The film offers the kind of tour de force role that won an Oscar for Joanne Woodward for The Three Faces of Eve back in 1957 and an Emmy for Sally Field in 1976 for Sybil (and forced people to consider her differently as an actress, at a time when she was known only for Gidget and The Flying Nun).

Apparently, the meaty roles aren't being offered to Berry, despite her Oscar and her obvious range. So she rustled up this one, sort of a prefab Sybil, allegedly based on a true story. It's got all the right ingredients - but it still has the formula feel to it, like the difference between a cake made from a mix and one made from scratch.

Berry plays Frankie, first glimpsed in the South of the late 1950s, the last days of the virulent Jim Crow policies. Then we jump to the film's present - the early 1970s in the San Francisco Bay Area. Frankie is now a popular exotic dancer (not a stripper, apparently, because she shows no skin) - more of a go-go dancer who teases without actually offering anything.

She's popular among the clientele (because, hey, she looks like Halle Berry) and with her coworkers, because she's a sassy, no-nonsense type with a sense of humor.
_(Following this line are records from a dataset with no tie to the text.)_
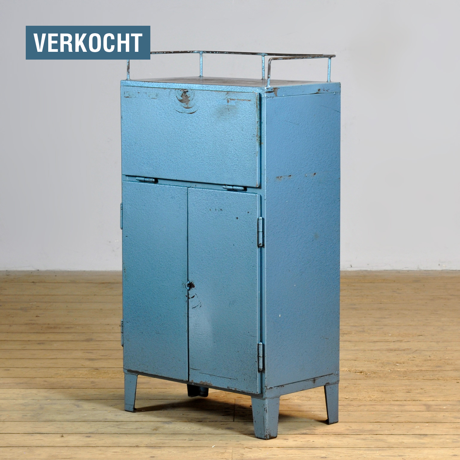 Bring a touch of vintage industry to your interior with this robust 1970s cabinet. Made of iron and finished in a blue hue with authentic signs of wear, this piece exudes character and history. The cabinet features four practical drawers, a spacious compartment with an interior shelf, and a flap on the bottem – perfect for storing tools, papers, or home accessories. Thanks to its compact size, it fits effortlessly in any space: from living room and hallway to workshop or office. Finished with rust-resistant oil.
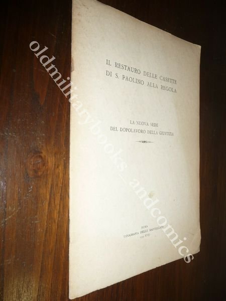 TITOLO: IL RESTAURO DELLE CASETTE DI S. PAOLINO ALLA REGOLA LA NUOVA SEDE DEL DOPOLAVORO DELLA GIUSTIZIA DESCRIZIONE: Tip. delle Mantellate Roma 1939, br. ed. pp. 14 con alcune ill. b/n n.t. in 8°. CONDIZIONI: Buone tracce di polvere. PESO / WEIGHT: 100 gr. without package
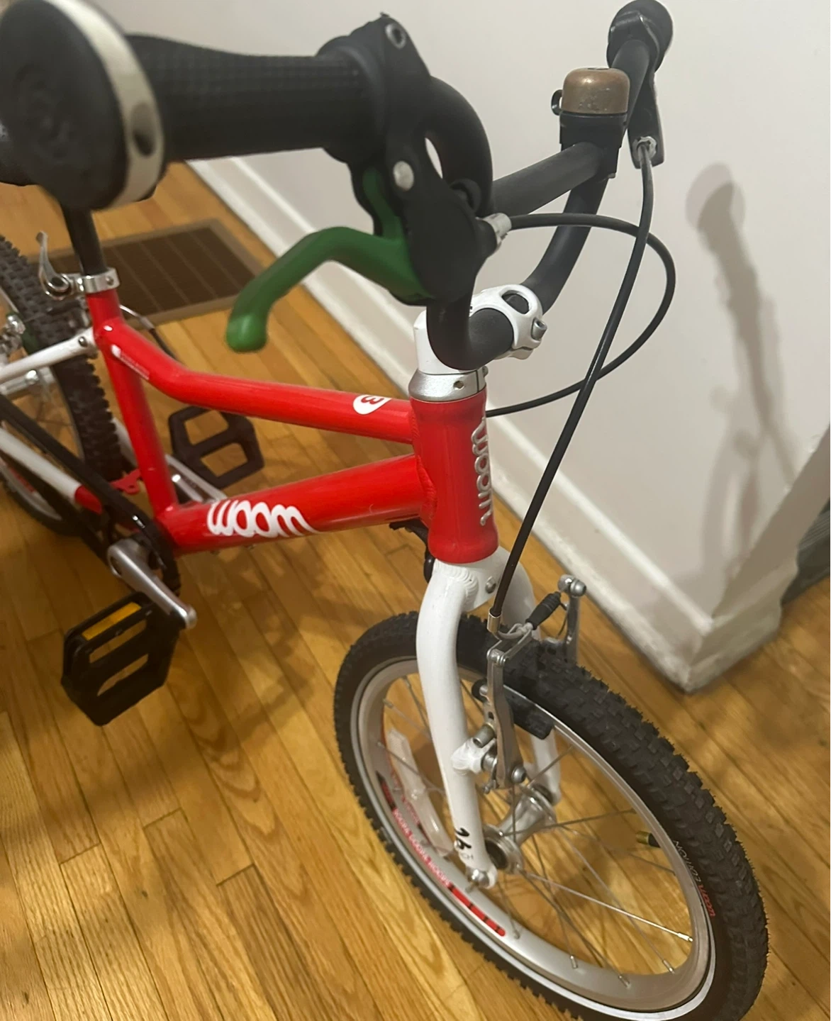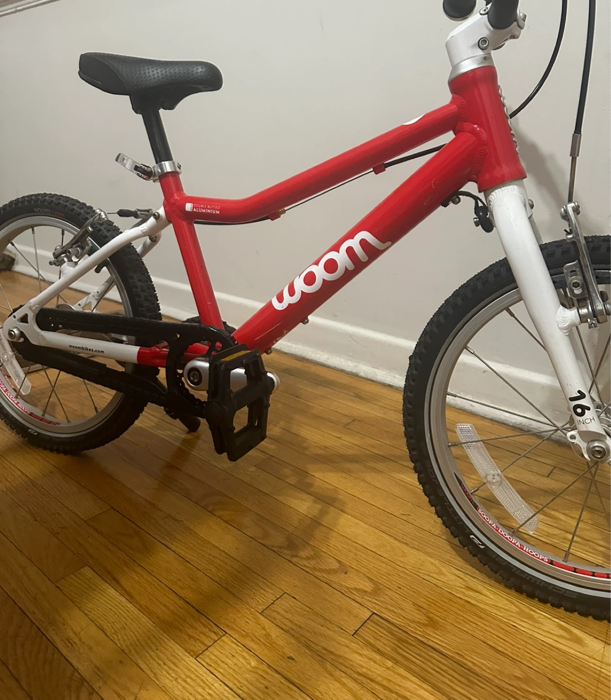 Woom 3 kids bike in a vibrant red. Features a lightweight aluminium frame and 16-inch wheels. Great for learning to ride!

But she has this problem: She keeps winding up in trouble with the police, for episodes of which she has no memory. Usually she wakes up in jail, unsure how she got there.
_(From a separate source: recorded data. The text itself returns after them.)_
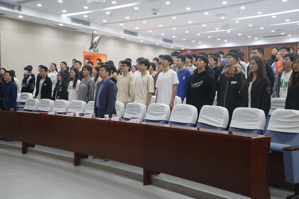 10月26日下午,今年会第六期院级党课开班仪式暨第七期红色文化学习班第四讲在临潼校区图书馆二楼报告厅顺利召开。参加开班仪式的有学院党委书记王劲伟、马克思主义学院李斌老师、辅导员张苹及109名培训班学员。仪式由学院党委副书记鱼园主持。
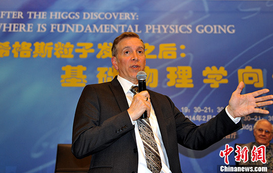 图为美国加州大学圣巴巴拉分校教授、2013年基础物理奖获得者Joseph Incandela演讲。中新社发 孙自法 摄
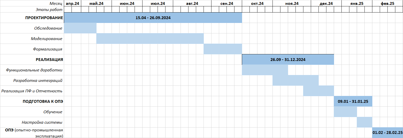 - Сроки выполнения проекта
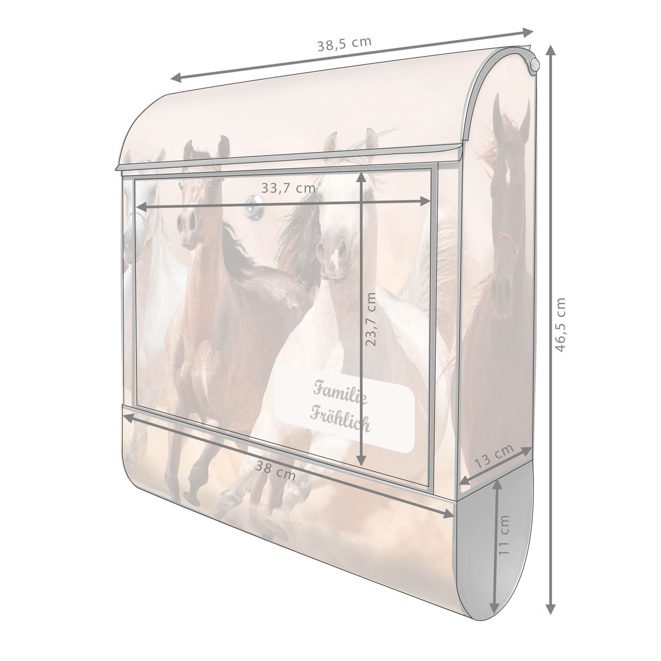 Der banjado Standbriefkasten mit Motiv Motiv Mongolische Stimmung kombiniert großzügigen Stauraum mit modernem Design. Durch das geräumige Fach finden auch große A4-Sendungen problemlos Platz. Die integrierte Zeitungsrolle sorgt dafür, dass Tageszeitungen und Magazine separat und griffbereit untergebracht sind. Der pulverbeschichtete Standfuß ist farblich passend zum Briefkasten gestaltet und sorgt für ein stimmiges Gesamtbild. Mit dem individuellen Motiv setzen Sie einen optischen Akzent, der sowohl praktisch als auch dekorativ ist.
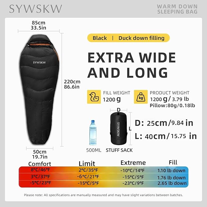 - Extra Wide and Long: The widened shoulders eliminate waist compression (86.6 in x 33.5 in). The sculpted baffles and double-stitched seams prevent cold spots, ensuring a comfortable sleep at every place,ideal for men and women height up to 78.8 inches, weight 220 lb
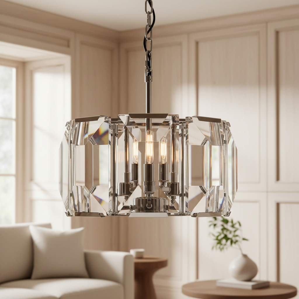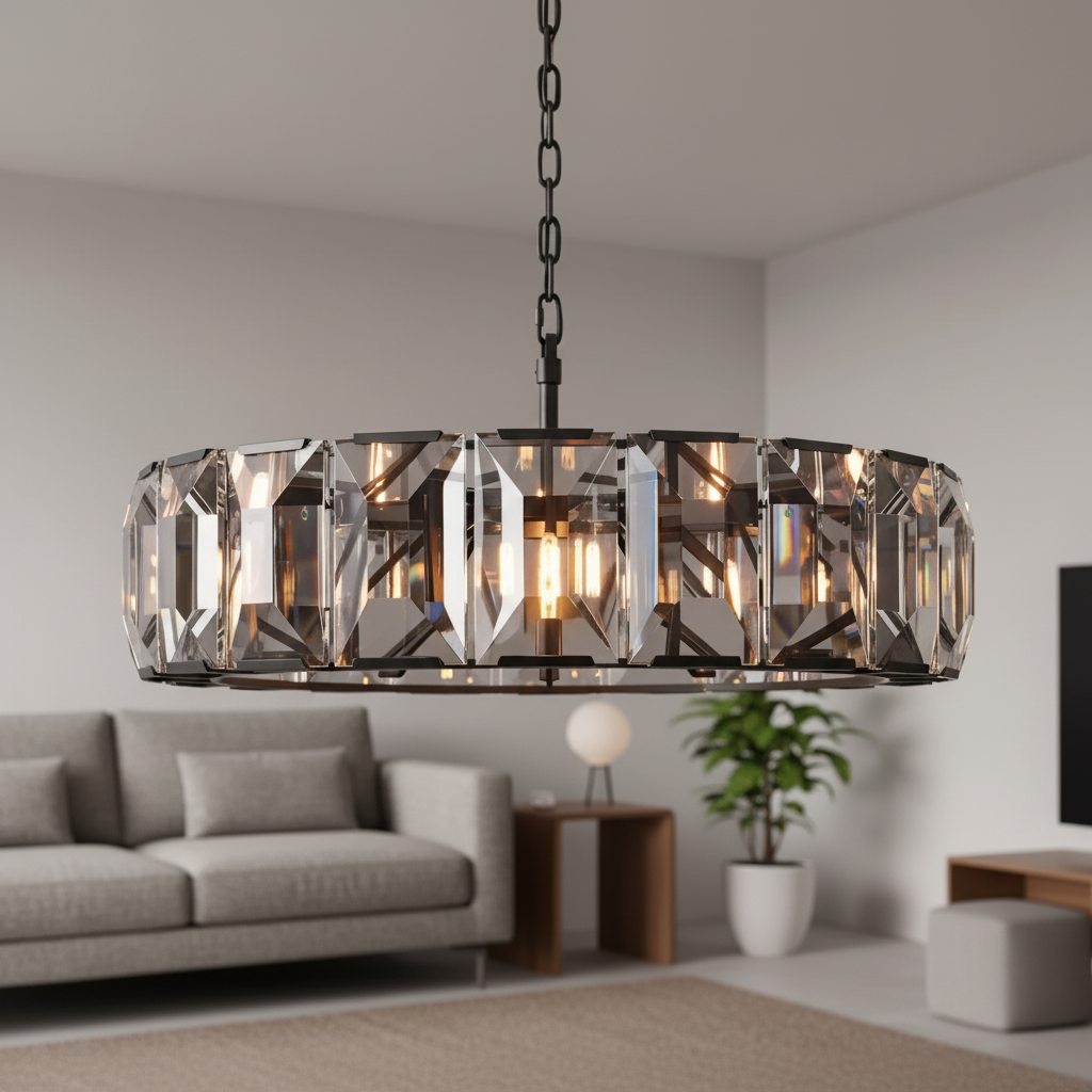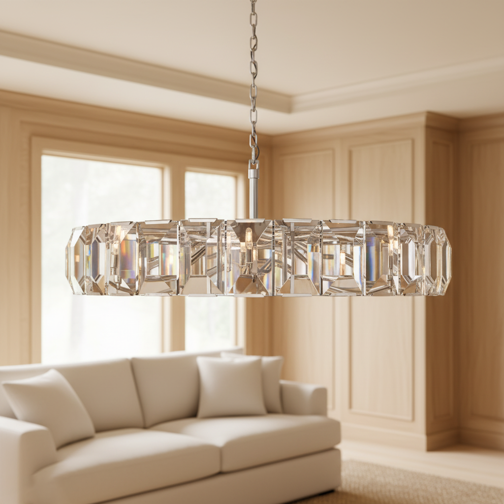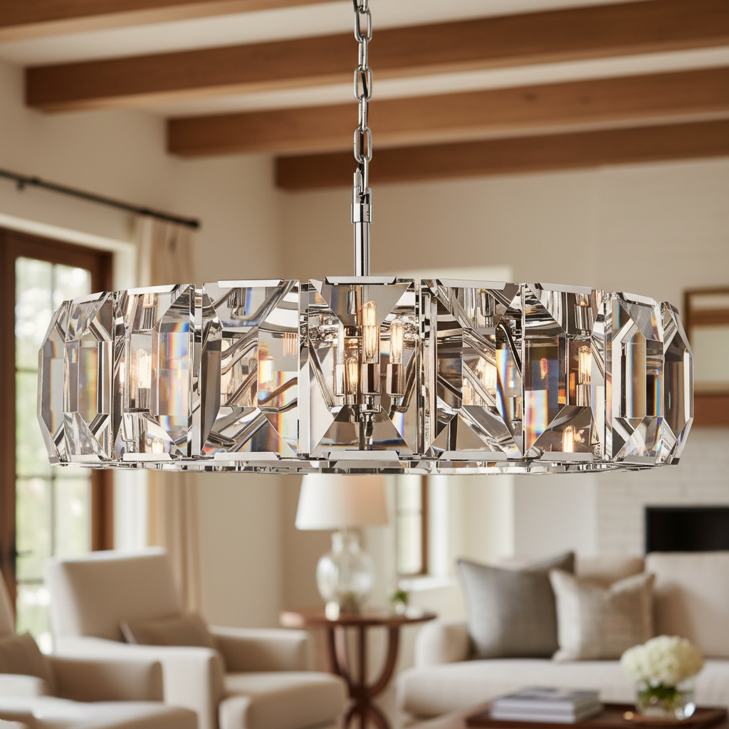 Chloe Modern Hand-Cut Prism Multicurve Crystal Round Chandelier

The episode we see leads to her racing into the street, dodging cars until she finally curls up in a fetal ball in the middle of the roadway. She wakes up in a mental hospital, where she comes to the attention of an empathetic shrink, Dr. Oswald (Stellan Skarsgard). He gradually begins to get a handle on her problem: that she suffers from a multiple-personality disorder.

Of course, it takes him some time to make that diagnosis - and he has to commit her to a psychiatric facility to get enough time with her to make any kind of breakthrough. What conflict there is has to do with the reluctance of his superiors, who don't believe Frankie is worth the costs she incurs being a patient of a publicly funded facility.
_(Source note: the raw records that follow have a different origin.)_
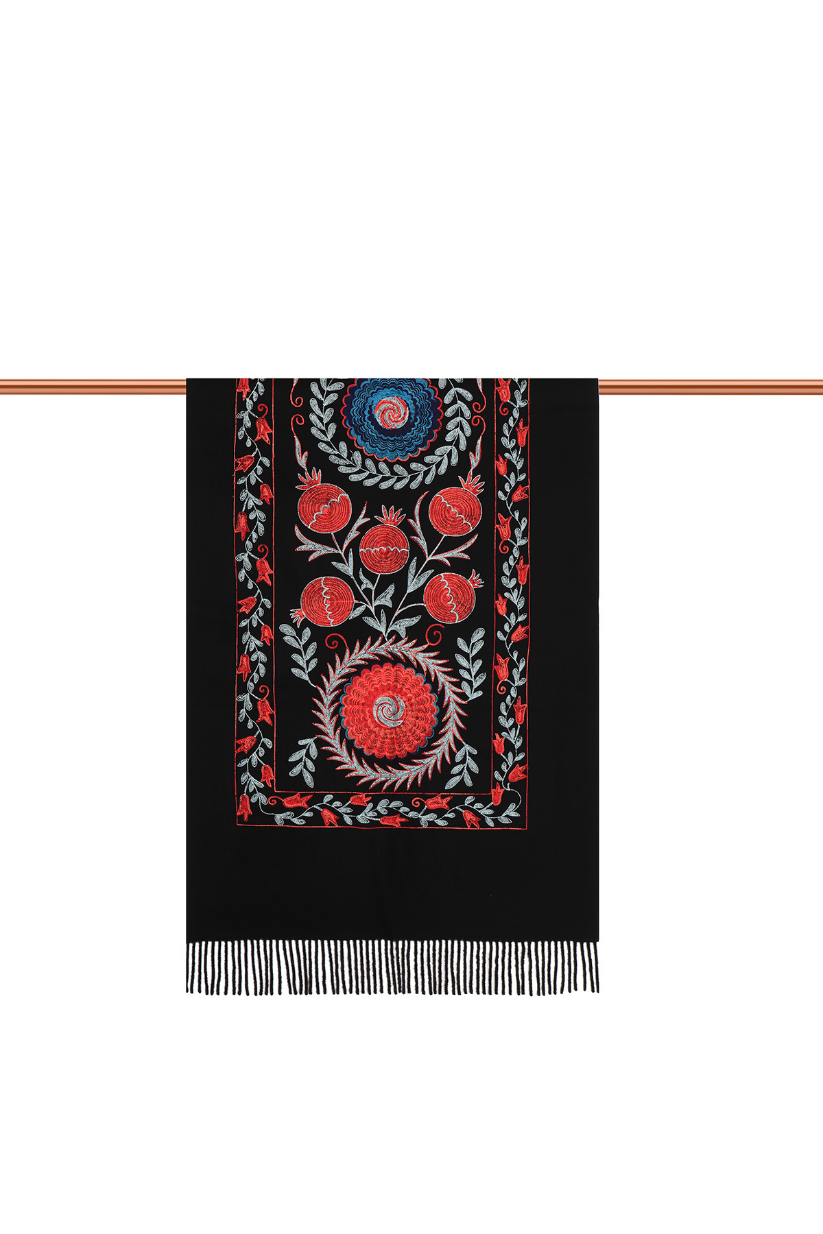 Our Black Embroidered Winter Shawls, carefully crafted to keep you warm on chilly winter days, stand out with their striking colors and patterns. Made of acrylic and measuring 70x190cm, they offer ease of use.
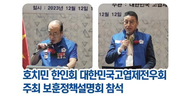 손인선 베트남한인회총연합회 회장은 2023년12월12일 오전11시 호치민 2군 소재 드마리스 뷔페에서 열린 대한민국고엽제전우회 주최 보훈정책설명회에 참석하였다.
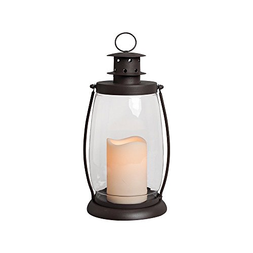 High Quality Everlasting Glow 42466 Battery Operated Metal and Glass Lantern with 3 by 4.5 Flameless LED Resin Candle, 6.3 by 12 Rustic Brown
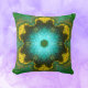 This colourful pillow features green, yellow, and teal in a psychedelic kaleidoscope pattern. Add a splash of bright colours to any room!
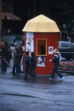 Description :VETU D'IMPERMEABLES DEUX PERSONNES S'ADRESSENT A UNE JEUNE FILLE ASSISE DANS UN SILO ROUGE, SITUE SOIT COIN BROOKS-KING OU COIN MARQUETTE-CATHEDRALE.
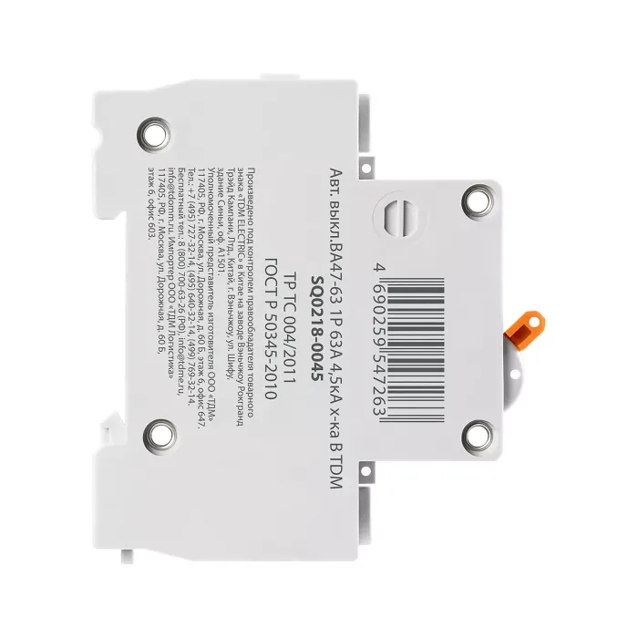 Авт. выкл.ВА47-63 1Р 63А 4,5кА х-ка B TDM

There's also the backstory, involving the young Frankie and her forbidden love affair back in the South. Her mother (Phylicia Rashad) refuses to acknowledge either the events of the past or Frankie's problems in the present.

Unfortunately, in this script by a squad of writers, there is little tension. It all seems like a showcase for Berry's talents. Even the supposed big shocker - that her dominant alter-ego, Alice, is a racist white woman - seems more like a gimmick than anything else, a device to give Berry some juicy scenes that feel more like acting exercises than a way to advance the drama.

Not that Berry isn't good. She is. But this material feels thin, like something you'd see on the Lifetime or WE networks. It's disease-of-the-week material, rather than a drama that seriously explores this particular corner of the human condition.

Yes, it was good enough to earn Berry a Golden Globe nomination (although who can trust those people?). But Frankie & Alice feels tired and recycled after the first 15 minutes - and doesn't get any better after that.